Aggregate  (cost=6863.24..6863.24 rows=1 width=4)
  ->  Seq Scan on email_bank_mailing_lists  (cost=0.00..6788.24 rows=30001 width=4)

EXPLAIN













-----------------------------------------
Get your free web based email at trade-india.com.
   "India's Leading B2B eMarketplace.!"
http://www.trade-india.com/



Re: Is dump-reload the only cure?

От
Rod Taylor
Дата:
On Fri, 2002-11-01 at 06:15, mallah@trade-india.com wrote:


Looks like a borderline case.  See the costs of the index scan and
sequential scan are very similar.  Since 499 covers nearly 1 in 10
tuples, it's likely found on nearly every page.  This should make a
sequential scan much cheaper.

However, if the data is clumped together (not distributed throughout the
table) than an index scan may be preferable.   So...  CLUSTER may be
useful to you.

In the future please 'explain analyze' the queries you're looking at to
see actual costs as compared to the estimated cost.


>       499 | 25010
>       501 |  3318
>
>
> before dump reload:
> tradein_clients=# VACUUM VERBOSE ANALYZE email_bank_mailing_lists;
> NOTICE:  --Relation email_bank_mailing_lists--
> NOTICE:  Pages 3583: Changed 0, Empty 0; Tup 256419: Vac 0, Keep 0, UnUsed 44822.
>         Total CPU 0.24s/0.04u sec elapsed 0.30 sec.
> NOTICE:  Analyzing email_bank_mailing_lists
> VACUUM
> tradein_clients=# explain SELECT count( email_id  )  from email_bank_mailing_lists   where
> query_id=499;NOTICE:  QUERY PLAN:
>
> Aggregate  (cost=6863.24..6863.24 rows=1 width=4)
>   ->  Seq Scan on email_bank_mailing_lists  (cost=0.00..6788.24 rows=30001 width=4)
>
> EXPLAIN

--
  Rod Taylor


Re: Is dump-reload the only cure?

От
Дата:
Hi Rod ,

Does it means that index scan is used for less frequenlty occuring data?
yes my table was not clustered.

can u tell me what does 0.00..6788.24 and rows and width means?

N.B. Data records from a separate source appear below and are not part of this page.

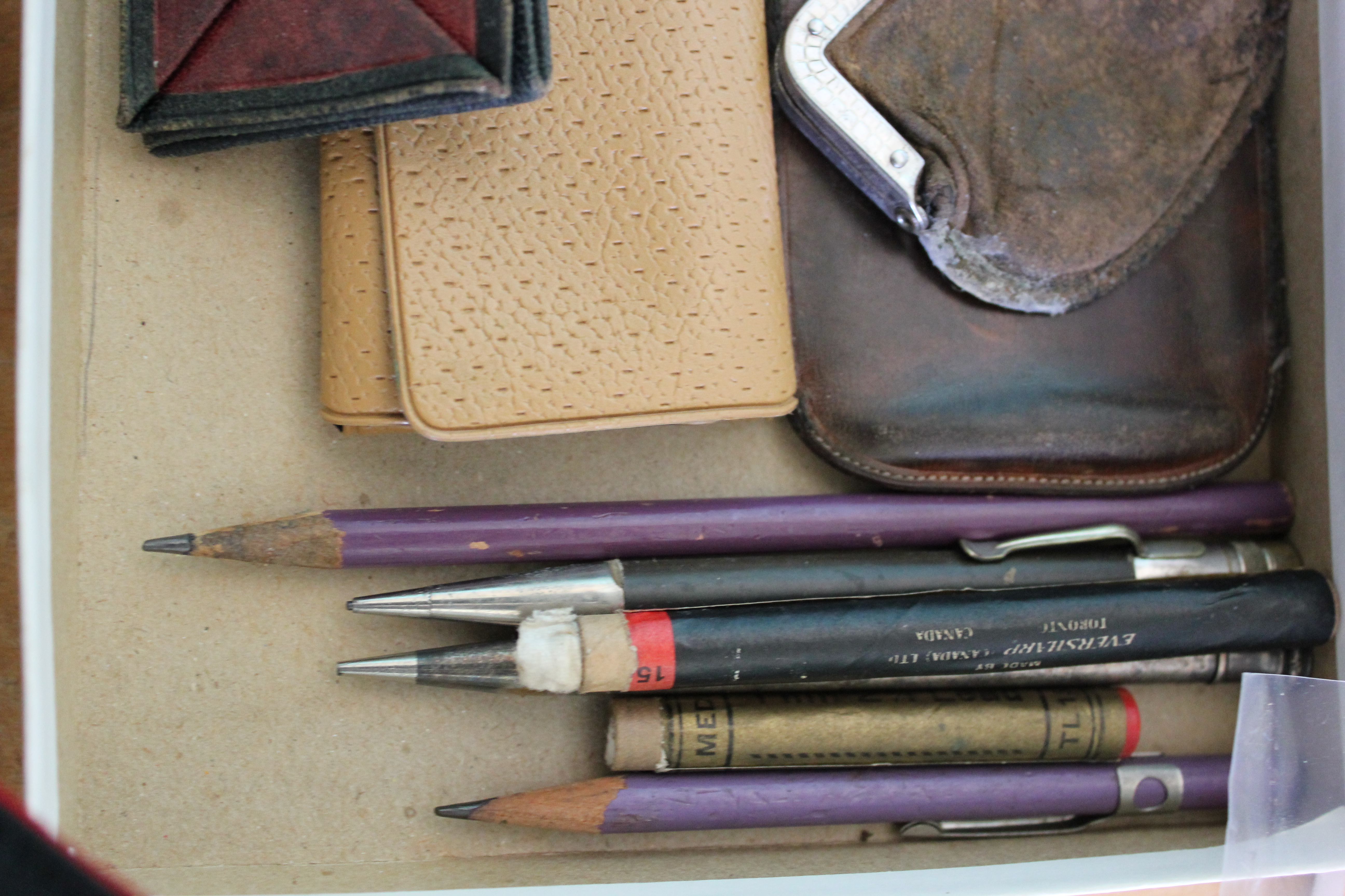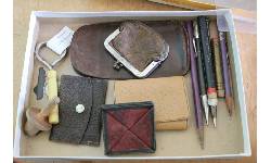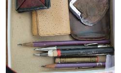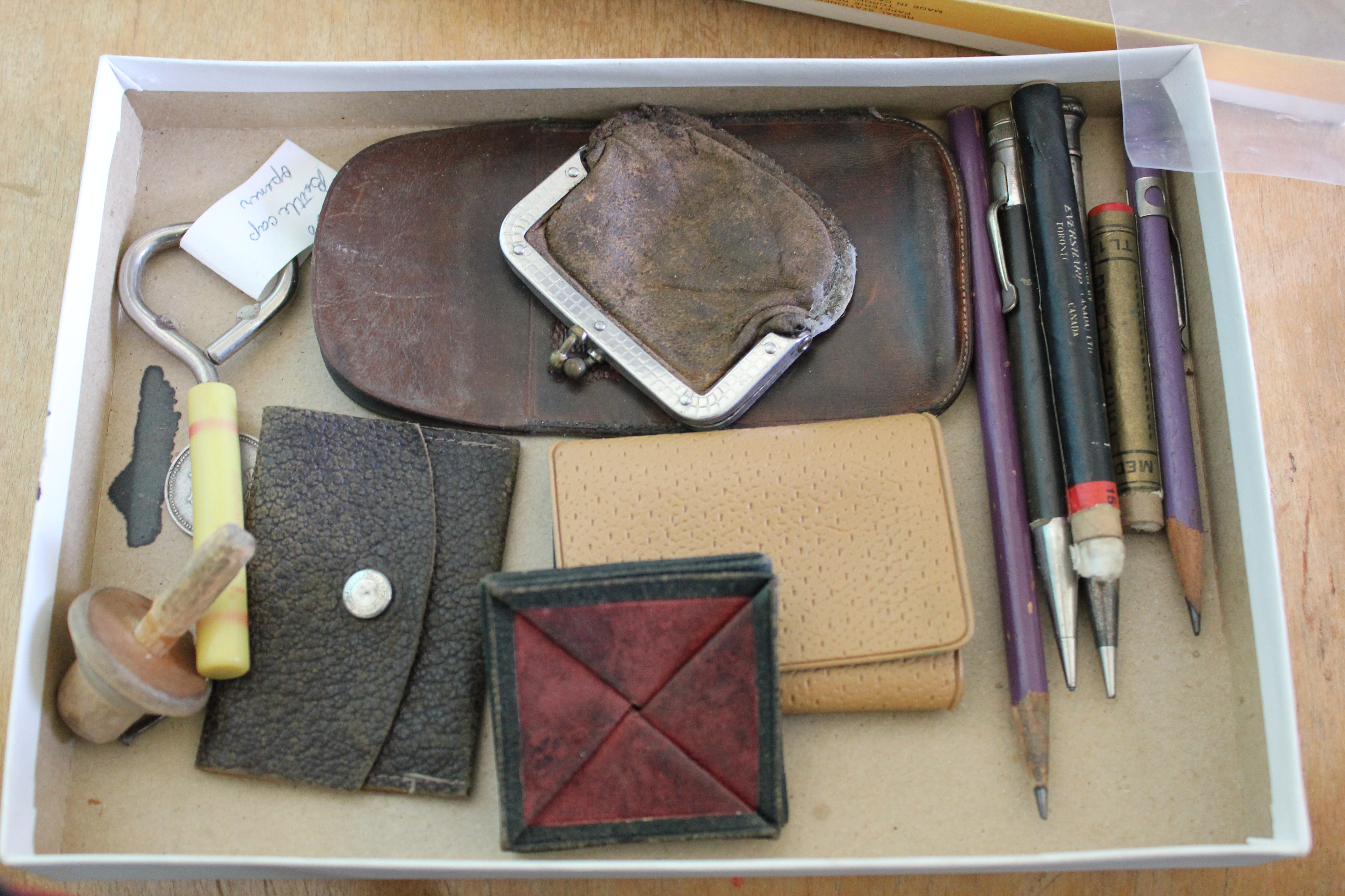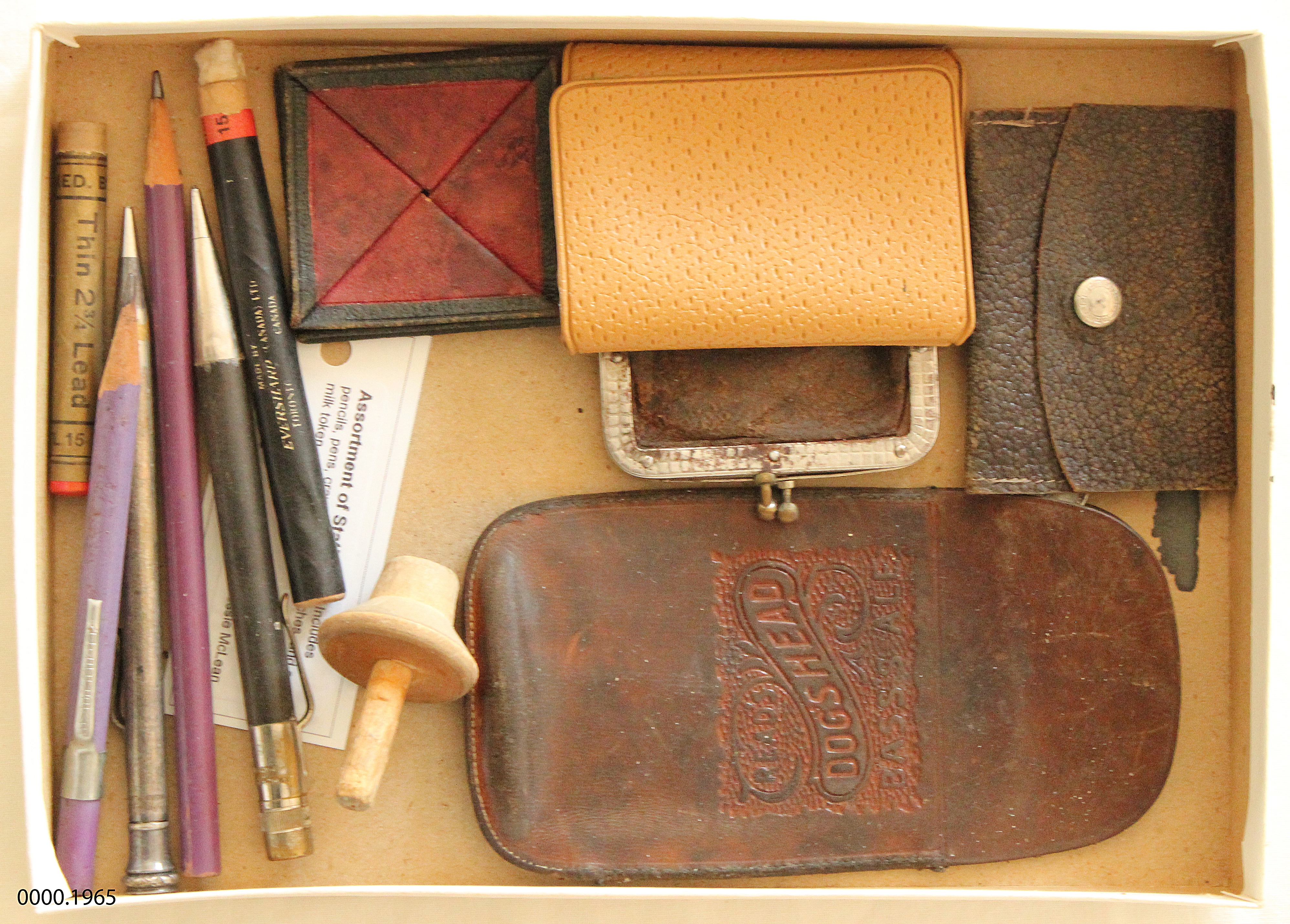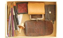 Object Desc Includes pencils, pens, crayons, leather pouches, and a milk token.
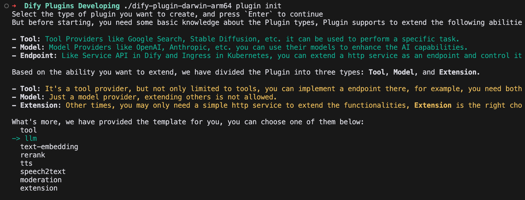 dify plugin init选择模型插件模板
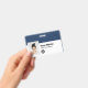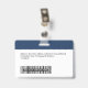 Dieses Abzeichen mit dem Namen des Mitarbeiters kann einfach mit Foto, Bar-Scan und Firmenlogo personalisiert werden. Ein einfaches Business-Design links in marineblau-weiß-farbenen, vollständig anpassbaren Vorder- und Rücken-Größen, serifenlos einfache und moderne Schriftart und ein berufliches und klares Aussehen. Verfügbar mit oder ohne Lanyard, Metallklammer oder mit Retraktierbar. Keine Mindestbestellung.
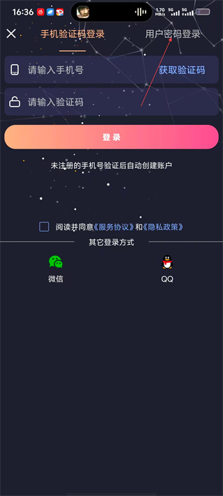 3、在登录页面,选择【用户密码登录】选项,切换至密码登录界面。
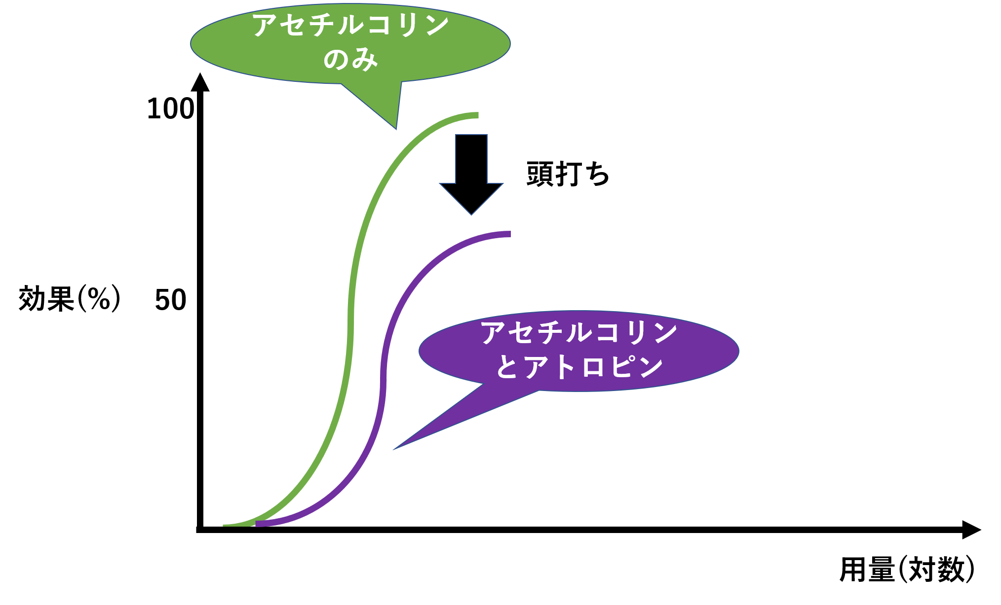 アセチルコリンだけの時のグラフに対して、アトロピンがある場合はアトロピンをどかす分、余計にアセチルコリンが必要となります。そのため用量-反応曲線の効果は100%のまま高濃度側(右側)に水平移動します。
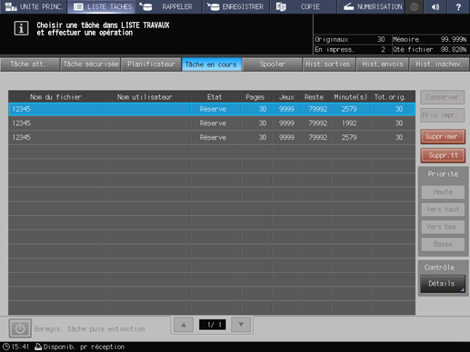 Vous pouvez modifier l'ordre des tâches en impression ou annuler des tâches réservées sur l'écran LISTE TÂCHES. Pour des détails, voirÉcran [LISTE TÂCHES].
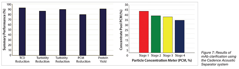Most important, clarification of a mAb cell culture fluid using the Cadence Acoustic Separator did not affect the quality of the antibody (Table 1) and proceeded with high transmission of the antibody through the system.
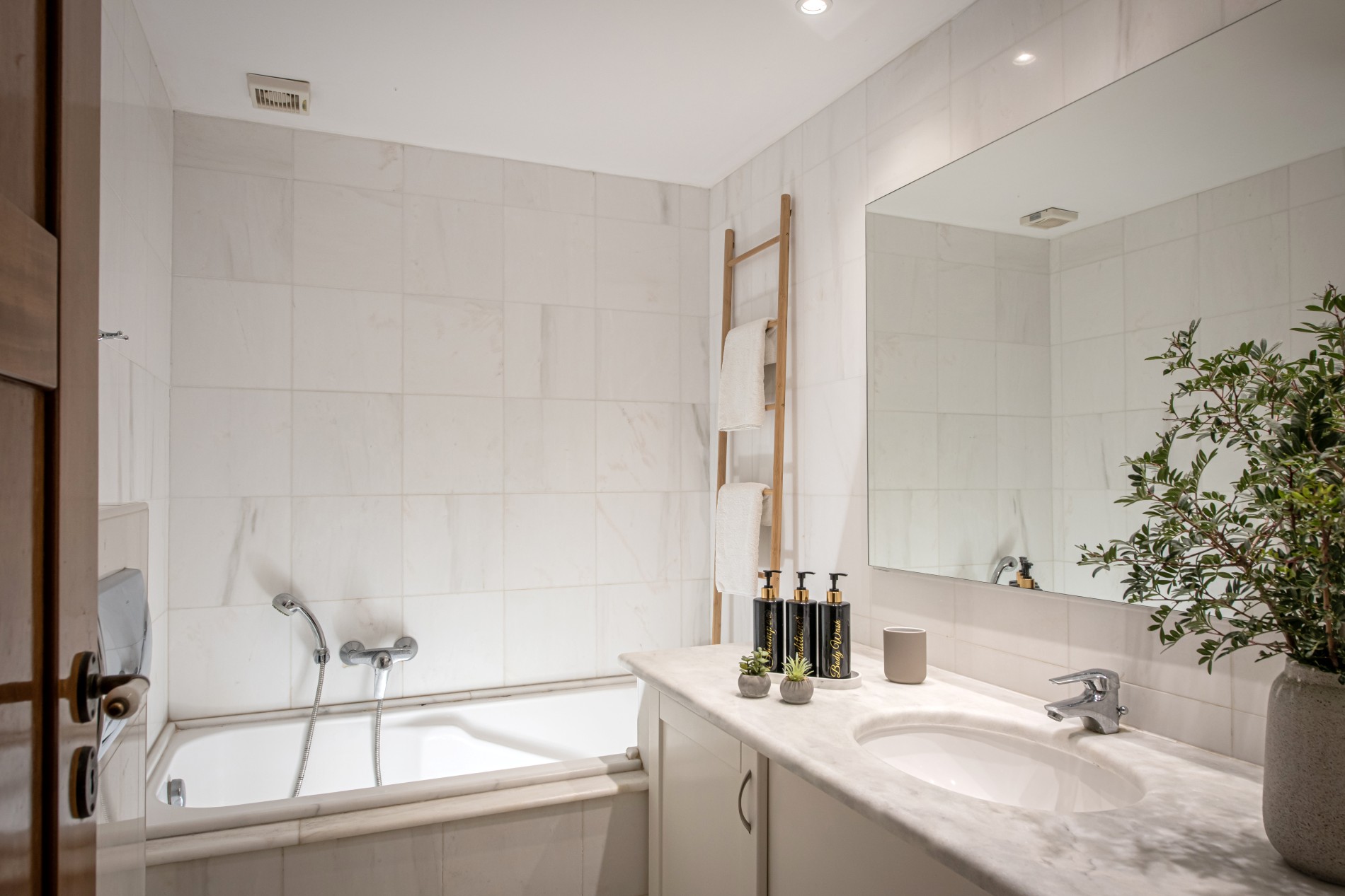 • Το μπάνιο διαθέτει: Προσόψια, λουτροπετσέτες και πετσέτες θαλάσσης, σεσουάρ, καθρέπτη make-up, σαμπουάν αφρόλουτρο, σαπούνι χεριών…

in explain out put cost=0.00..6788.24 rows=30001 width=4


I have one more table where i face the similar problem , i have not dump - reloaded
it yet , will post again if i face the problem.


thanks

Regds
Mallah.


> On Fri, 2002-11-01 at 06:15, mallah@trade-india.com wrote:
>
>
> Looks like a borderline case.  See the costs of the index scan and sequential scan are very
> similar.  Since 499 covers nearly 1 in 10 tuples, it's likely found on nearly every page.  This
> should make a sequential scan much cheaper.
>
> However, if the data is clumped together (not distributed throughout the table) than an index
> scan may be preferable.   So...  CLUSTER may be useful to you.
>
> In the future please 'explain analyze' the queries you're looking at to see actual costs as
> compared to the estimated cost.
>
>
>>       499 | 25010
>>       501 |  3318
>>
>>
>> before dump reload:
>> tradein_clients=# VACUUM VERBOSE ANALYZE email_bank_mailing_lists; NOTICE:  --Relation
>> email_bank_mailing_lists--
>> NOTICE:  Pages 3583: Changed 0, Empty 0; Tup 256419: Vac 0, Keep 0, UnUsed 44822.
>>         Total CPU 0.24s/0.04u sec elapsed 0.30 sec.
>> NOTICE:  Analyzing email_bank_mailing_lists
>> VACUUM
>> tradein_clients=# explain SELECT count( email_id  )  from email_bank_mailing_lists   where
>> query_id=499;NOTICE:  QUERY PLAN:
>>
>> Aggregate  (cost=6863.24..6863.24 rows=1 width=4)
>>   ->  Seq Scan on email_bank_mailing_lists  (cost=0.00..6788.24 rows=30001 width=4)
>>
>> EXPLAIN
>
> --
>  Rod Taylor



-----------------------------------------
Get your free web based email at trade-india.com.
   "India's Leading B2B eMarketplace.!"
http://www.trade-india.com/



Re: Is dump-reload the only cure?

От
Дата:

Rod ,

Clustering did work for my other case ;-)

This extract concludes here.